In December 2008, the company formed Visa Processing Services, Ltd. ("VPS"), a joint venture that enables us to offer comprehensive multi-currency and multi-language issuer processing services outside the US, in some of the fastest growing economies in the world such as Japan and India. VPS reflects Visa's strategic focus on growing our processing capabilities worldwide, expanding our global strength in debit, and furthering the migration to electronic payments.

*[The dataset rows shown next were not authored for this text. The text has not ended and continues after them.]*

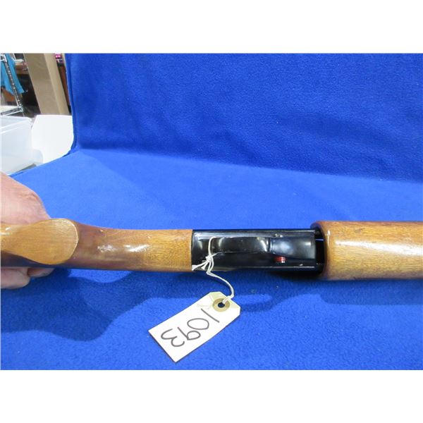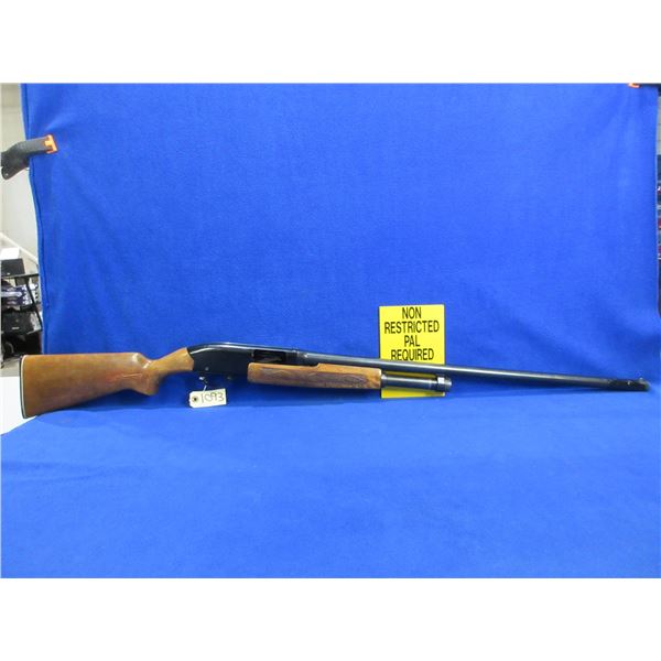 Non-Restricted - Winchester Model 2200 in 12 Ga. 2 3/4" - This is a pump action shotgun with tube magazine, action appears to be in good to very good working order. Barrel is 28" and appears to be extended and brazed with a choke (not sure why), bore is good, bluing is good with some light pitting, has bead front sight, stock is good with usage marks and a drying crack on the right side, forearm is good with usage marks, length of pull is 14", butt plate good. Ser # L945986
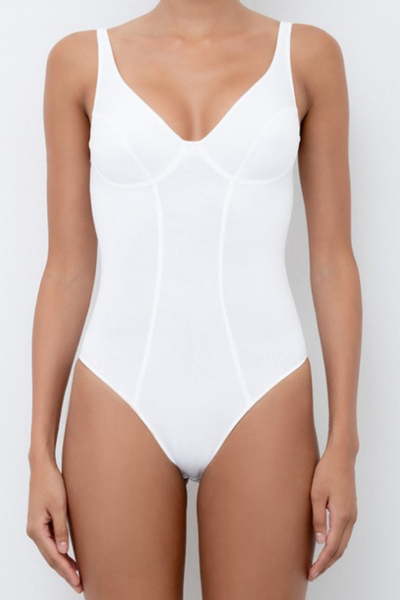 Široke i nepodesive bretele osiguravaju stabilnost, dok korpe bez žice pružaju maksimalni komfor bez žrtvovanja podrške. Ojačana struktura s duplim materijalom dodatno podupire, čineći ovaj bodi idealnim izborom za svakodnevnu udobnost.
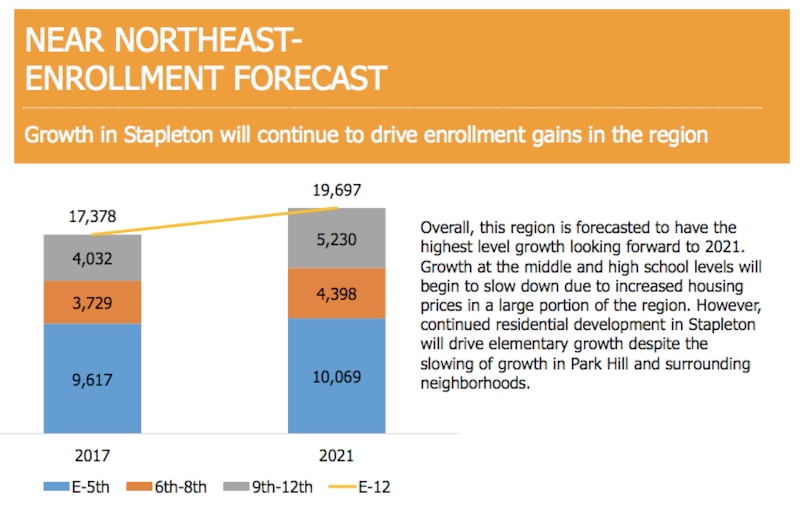 6. The near northeast region is the reverse. Due in part to continued development in the middle- and upper-income Stapleton neighborhood, it’s expected to gain the most students by 2021: more than 2,300. The biggest gains are forecast at the high school level.
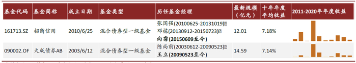 图表:2011-2020年连续十年获得正收益的“固收+”基金
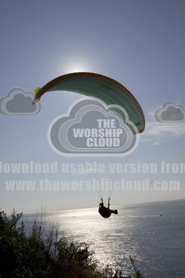 Paraglider silhouetted against evening sun over the Bassin d'Arcachon, south of Bordeaux, France

On December 19, 2008, as planned, the company deposited $1.1 billion ("Loss Funds") into the litigation escrow account previously established under the company's Retrospective Responsibility Plan. The deposit of the Loss Funds into the escrow account to fund the Discover settlement reduced the conversion ratio applicable to the company's class B common stock outstanding from 0.7143 per class A share to 0.6296 per class A share. The deposit of Loss Funds has the effect of a repurchase of 20,800,824 class A common stock equivalents from the company's class B shareholders.
Financial Outlook:
Visa Inc. updates its financial outlook for the following metric for full-year 2009:
• Annual net revenue growth in the high single-digits Visa Inc. affirms its financial outlook for the following metrics through 2010 with the caveat that annual net revenue growth may be somewhat challenged in 2010 if the current economic environment in the U.S. and around the globe persists beyond 2009:
• Annual net revenue growth at the lower end of the 11% to 15% range;
• Annual adjusted operating margin in the mid-to-high 40% range;
• Annual adjusted diluted class A common earnings per share growth of greater than 20%;
• Annual free cash flow in excess of $1 billion; and
• Capital expenditures in the range of $300 to $350 million in 2009 and representing 3 to 4% of gross revenues in 2010.
This outlook reflects an assumed 40% percent GAAP tax rate for fiscal year 2009. The company's intent is to reduce this rate to a level around 35-36% over the next four years.